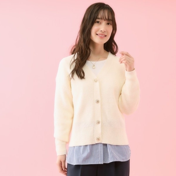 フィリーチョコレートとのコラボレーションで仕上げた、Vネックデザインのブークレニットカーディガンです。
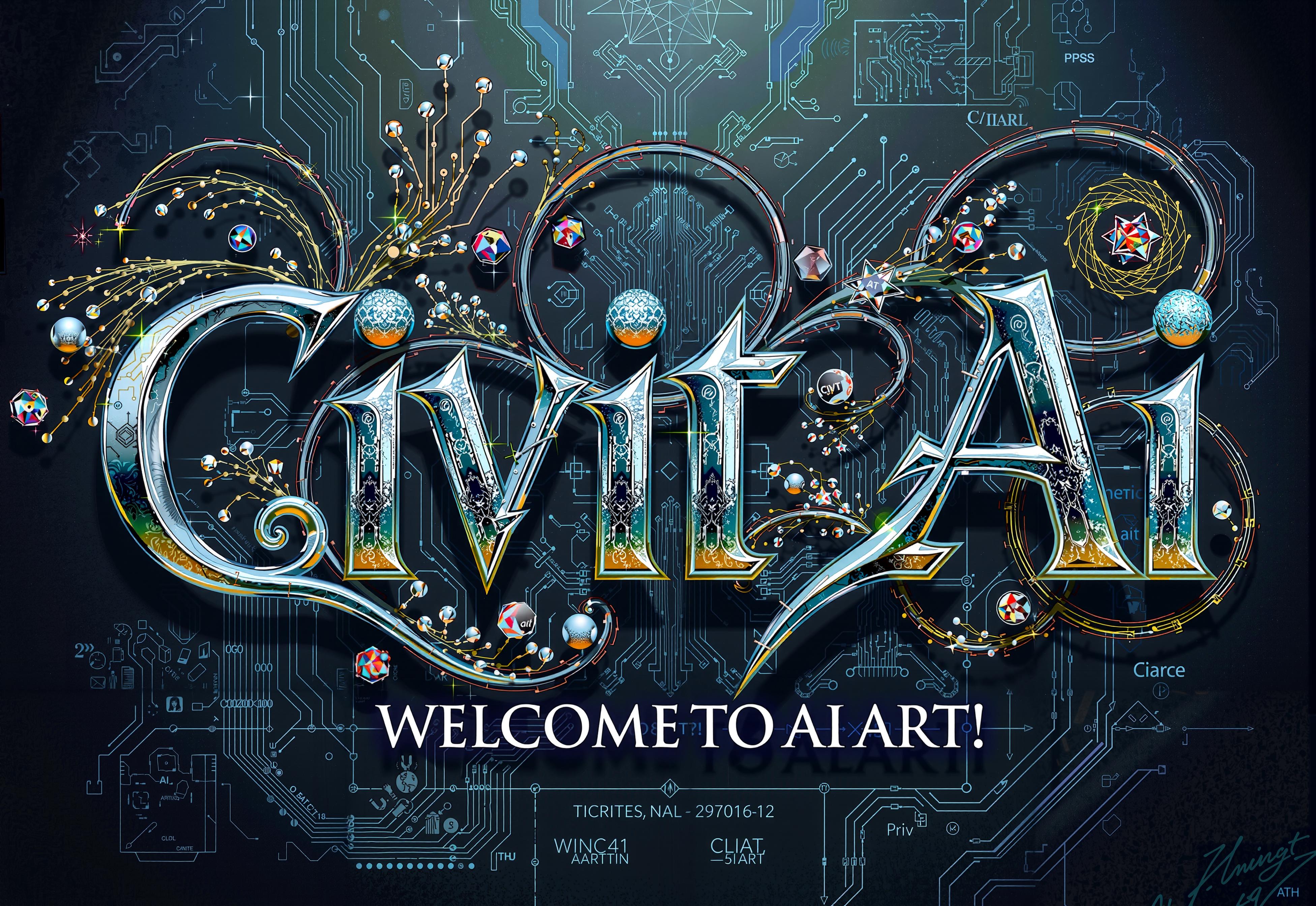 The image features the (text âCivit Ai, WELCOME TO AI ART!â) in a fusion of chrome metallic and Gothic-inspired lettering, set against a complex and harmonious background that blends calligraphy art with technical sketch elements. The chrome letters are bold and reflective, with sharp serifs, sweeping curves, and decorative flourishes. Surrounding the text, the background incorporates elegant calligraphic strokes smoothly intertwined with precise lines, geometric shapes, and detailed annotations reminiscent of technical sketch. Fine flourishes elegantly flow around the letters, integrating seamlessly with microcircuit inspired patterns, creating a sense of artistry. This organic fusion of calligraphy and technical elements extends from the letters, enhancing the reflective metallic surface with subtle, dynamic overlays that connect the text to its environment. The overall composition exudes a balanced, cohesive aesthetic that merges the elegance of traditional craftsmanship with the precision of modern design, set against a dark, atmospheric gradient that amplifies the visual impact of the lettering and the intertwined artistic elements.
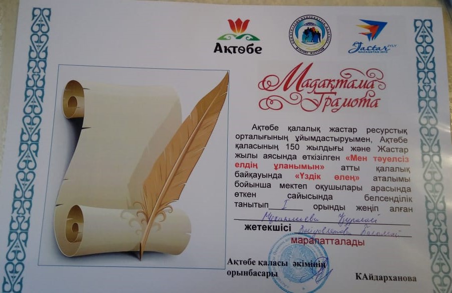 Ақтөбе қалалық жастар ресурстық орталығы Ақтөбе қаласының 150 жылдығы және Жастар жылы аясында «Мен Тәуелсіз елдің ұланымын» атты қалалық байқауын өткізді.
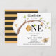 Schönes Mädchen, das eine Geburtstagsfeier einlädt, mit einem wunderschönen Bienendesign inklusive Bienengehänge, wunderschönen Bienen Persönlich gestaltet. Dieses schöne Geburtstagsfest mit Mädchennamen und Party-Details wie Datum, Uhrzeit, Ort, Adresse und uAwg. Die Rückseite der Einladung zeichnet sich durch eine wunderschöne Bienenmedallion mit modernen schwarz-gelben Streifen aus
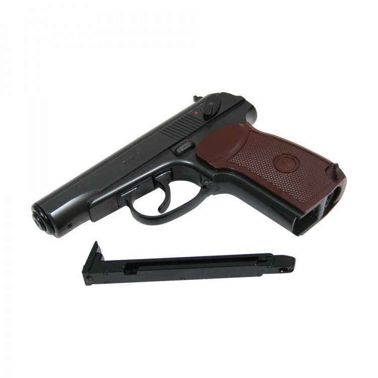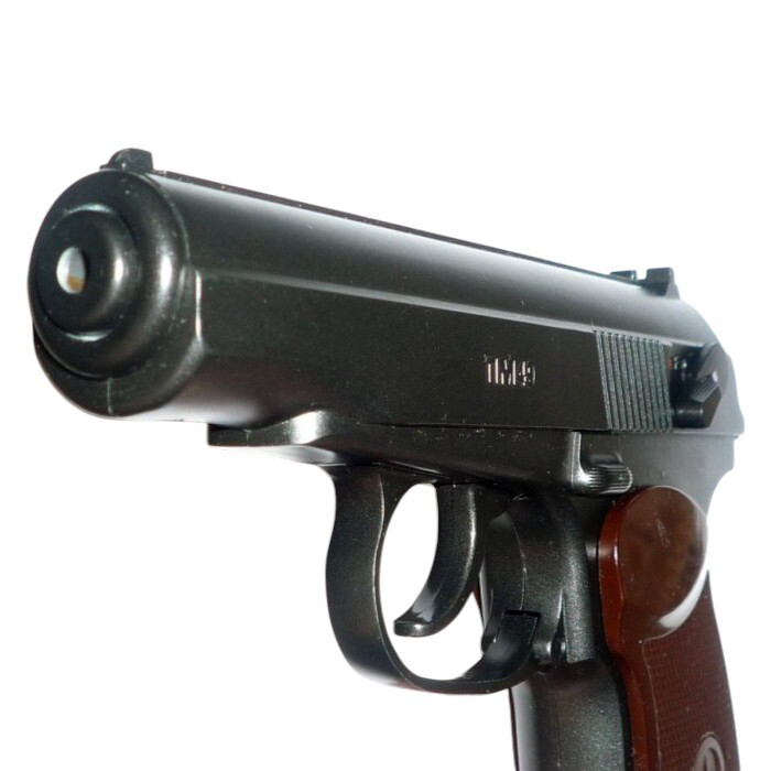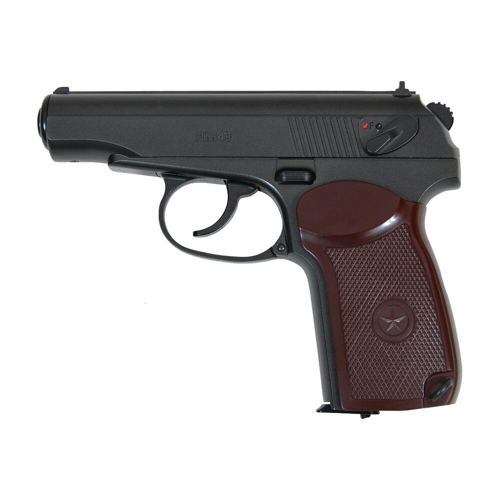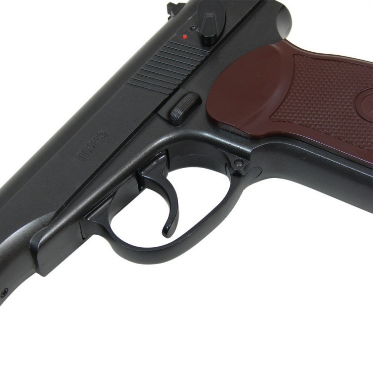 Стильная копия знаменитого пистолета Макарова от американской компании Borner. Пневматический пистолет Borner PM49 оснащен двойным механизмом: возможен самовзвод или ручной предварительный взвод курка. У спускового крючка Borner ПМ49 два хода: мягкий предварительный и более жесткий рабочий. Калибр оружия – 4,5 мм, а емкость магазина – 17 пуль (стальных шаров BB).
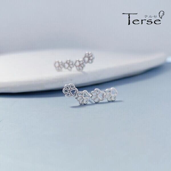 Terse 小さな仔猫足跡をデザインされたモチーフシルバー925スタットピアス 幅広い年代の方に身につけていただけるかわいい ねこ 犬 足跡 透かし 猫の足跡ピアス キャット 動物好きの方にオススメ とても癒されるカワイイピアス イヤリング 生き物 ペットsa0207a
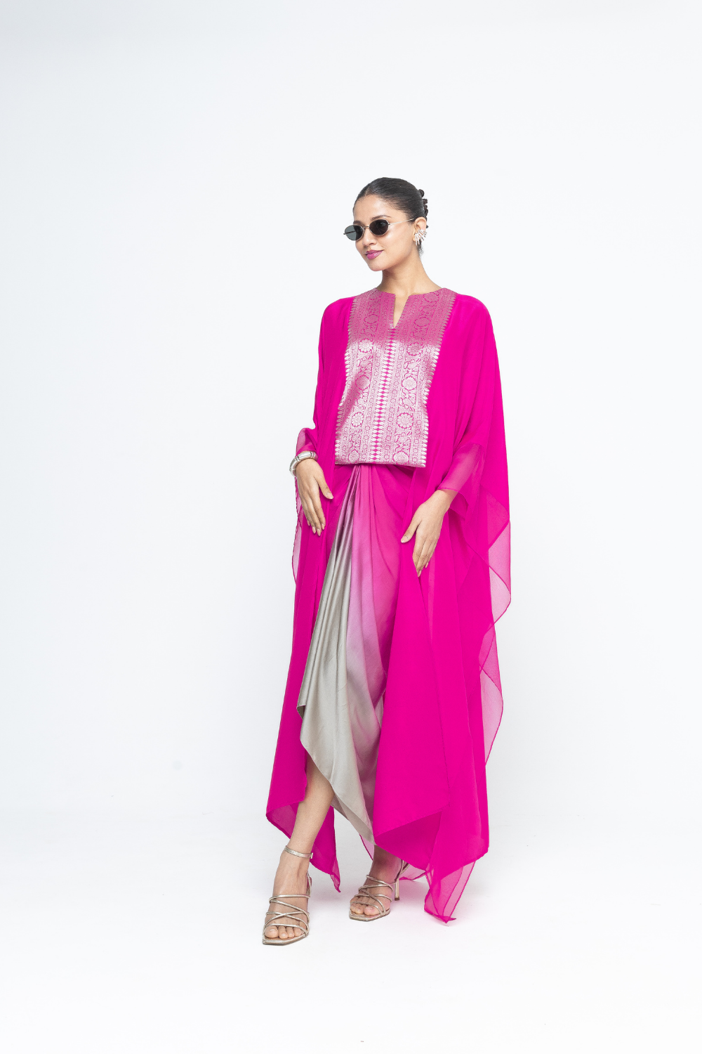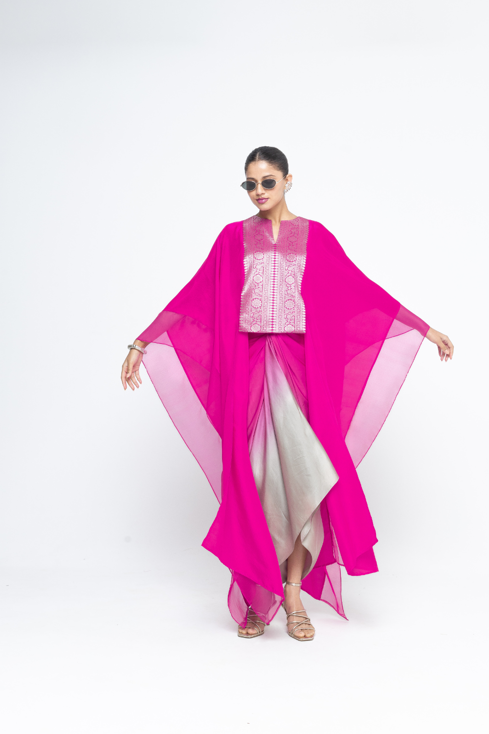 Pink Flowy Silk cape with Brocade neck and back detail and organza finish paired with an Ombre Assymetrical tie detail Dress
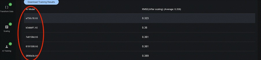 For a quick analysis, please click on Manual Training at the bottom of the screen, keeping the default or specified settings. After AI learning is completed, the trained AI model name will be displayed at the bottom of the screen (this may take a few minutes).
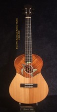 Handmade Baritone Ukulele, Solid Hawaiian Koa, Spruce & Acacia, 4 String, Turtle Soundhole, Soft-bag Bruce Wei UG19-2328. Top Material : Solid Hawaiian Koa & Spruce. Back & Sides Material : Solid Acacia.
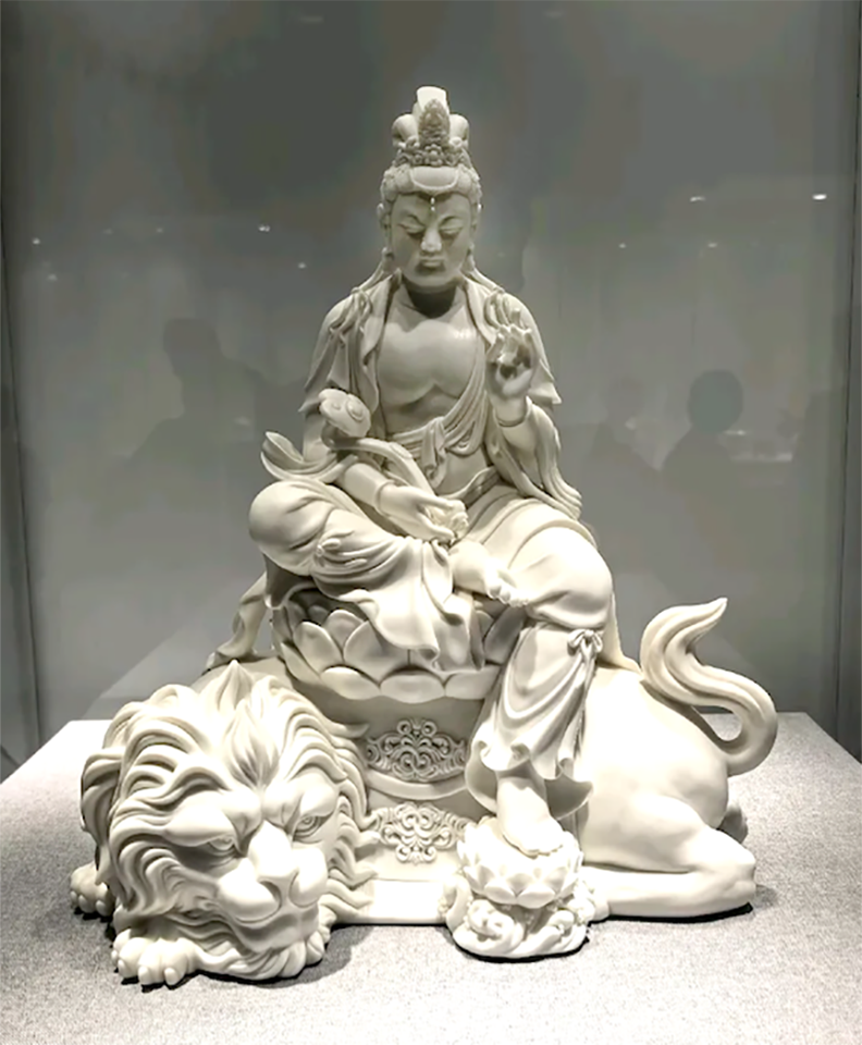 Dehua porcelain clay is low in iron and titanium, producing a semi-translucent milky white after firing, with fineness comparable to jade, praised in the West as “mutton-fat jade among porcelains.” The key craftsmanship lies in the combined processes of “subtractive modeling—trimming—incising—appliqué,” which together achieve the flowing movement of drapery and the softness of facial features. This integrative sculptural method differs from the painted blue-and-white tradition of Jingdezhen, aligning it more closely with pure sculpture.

* **HOW TO COMPLETE THIS TASK**: Everything from the first line of the entries through the line containing "Schönes Mädchen, das" is to be transcribed exactly; the pictures are not.

* **OUTPUT BELOW**:
 フィリーチョコレートとのコラボレーションで仕上げた、Vネックデザインのブークレニットカーディガンです。
 The image features the (text âCivit Ai, WELCOME TO AI ART!â) in a fusion of chrome metallic and Gothic-inspired lettering, set against a complex and harmonious background that blends calligraphy art with technical sketch elements. The chrome letters are bold and reflective, with sharp serifs, sweeping curves, and decorative flourishes. Surrounding the text, the background incorporates elegant calligraphic strokes smoothly intertwined with precise lines, geometric shapes, and detailed annotations reminiscent of technical sketch. Fine flourishes elegantly flow around the letters, integrating seamlessly with microcircuit inspired patterns, creating a sense of artistry. This organic fusion of calligraphy and technical elements extends from the letters, enhancing the reflective metallic surface with subtle, dynamic overlays that connect the text to its environment. The overall composition exudes a balanced, cohesive aesthetic that merges the elegance of traditional craftsmanship with the precision of modern design, set against a dark, atmospheric gradient that amplifies the visual impact of the lettering and the intertwined artistic elements.
 Ақтөбе қалалық жастар ресурстық орталығы Ақтөбе қаласының 150 жылдығы және Жастар жылы аясында «Мен Тәуелсіз елдің ұланымын» атты қалалық байқауын өткізді.
 Schönes Mädchen, das eine Geburtstagsfeier einlädt, mit einem wunderschönen Bienendesign inklusive Bienengehänge, wunderschönen Bienen Persönlich gestaltet. Dieses schöne Geburtstagsfest mit Mädchennamen und Party-Details wie Datum, Uhrzeit, Ort, Adresse und uAwg. Die Rückseite der Einladung zeichnet sich durch eine wunderschöne Bienenmedallion mit modernen schwarz-gelben Streifen aus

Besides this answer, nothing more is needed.